There is also a bit more to it: on days that I weight train, I will be eating around 10% over my maintenance calories. This will ensure that I am reaping the recovery benefits of overfeeding on days that I train hard, as well as helping me possibly gain some strength while losing fat.
My Genetic Makeup and a Realization
This is going to be a bit tangential, but stick with me as you may be able to relate to some of my experiences as far as the traditional “bulking” and “cutting” cycles.
Early on in my “fitness journey”, I realized something: I put on fat very easily. Now I’m not one to make excuses and blame all of my hardships on genetics, but I feel that genetics played a huge role in my early failures.
No matter how small the surplus of calories, the fat gain always seems to outmatch the muscle gain. This is evident in the post I wrote about my fat loss progress, where I was a very chubby 210 pounds, yet at the time I was closely monitoring my food intake and training program (read more about that process here)

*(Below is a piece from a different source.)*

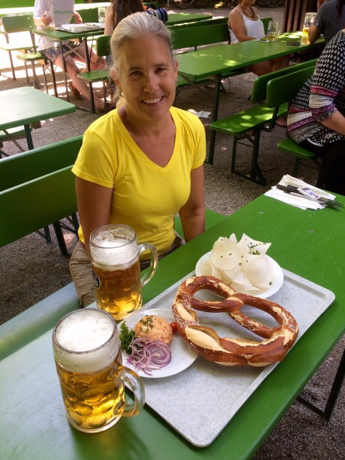 We visited Munich in 1983 and stayed for a week with a German friend, Robert Henkhaus, who I met when I was in Travemünde in 1980. We've since lost touch, unfortunately, but Dale and I celebrated our friendship with Robert by downing a Maß (1 liter mug) of beer and munching on a giant pretzel and radishes, just like he taught us to do when we visited him here years ago.

So what gives? Why do I put on fat so easily?
Well, first off, I naturally have a skinny-fat build. Essentially, this means that while I would look skinny with clothes on, I carried a little bit of extra fat around my waist.
Although I have made some progress in fixing this (to the best of my ability), it still comes creeping back every time I try to pack on some muscle.
Now I have realized that I cannot follow conventional methodologies to achieve my goals; the bulking and cutting cycles leave me a fat mess. So, instead, I’m going to get as lean as possible.
This is something I should have done in the beginning of my efforts, but hey, we all make mistakes.
It’s crucial to start from a solid base (lean) for a variety of reasons, such as optimal nutrient partitioning (ensuring that excess calories will go more towards muscle than fat stores) as well as making sure you’re not piling fat on top of fat.
For more information on why it’s important to start from a lean base, I recommend you check out Anthony Mychal’s series of articles on the topic.
Benefits of Calorie/Carb Cycling
So, why do I feel that Leangains is a perfect fit for me? Let me get into detail a bit.
Aside from it being conducive to my eating habits (I don’t like to eat in the morning because I like to savor my coffee, and I like to eat large meals rather than tiny, bird-sized meals throughout the day), Martin Berkhan also recommends some sort of calorie and macronutrient cycling.
Simply put, this means that I will eat more carbs and overall calories on days that I lift weights, and eat less calories and less carbs on rest days.
Theoretically this will allow for better nutrient partitioning, meaning the excess calories and carbohydrates that I consume on training days will go towards repairing muscle tissue and refilling glycogen stores rather than spilling over into fat stores.
It’s also extremely beneficial from a psychological standpoint.
For me, it’s much easier to go through a grueling training session knowing that I will be able to eat heartily afterwards. On the flip side, my appetite is usually a bit smaller on rest days, which fits well with the calorie cycling scheme.
Along with the mental benefits, calorie cycling will also allow you to sidestep some of the negative effects that dieting can have on metabolism, leptin levels, testosterone, etc. (concepts which are quite beyond the scope of this post).
So, overall, I feel that the Leangains setup is the best way for me to go at this point. I will be posting overviews of my progress every few weeks just to give you guys a general idea of how things are going, and hopefully it will help those who are on a similar path.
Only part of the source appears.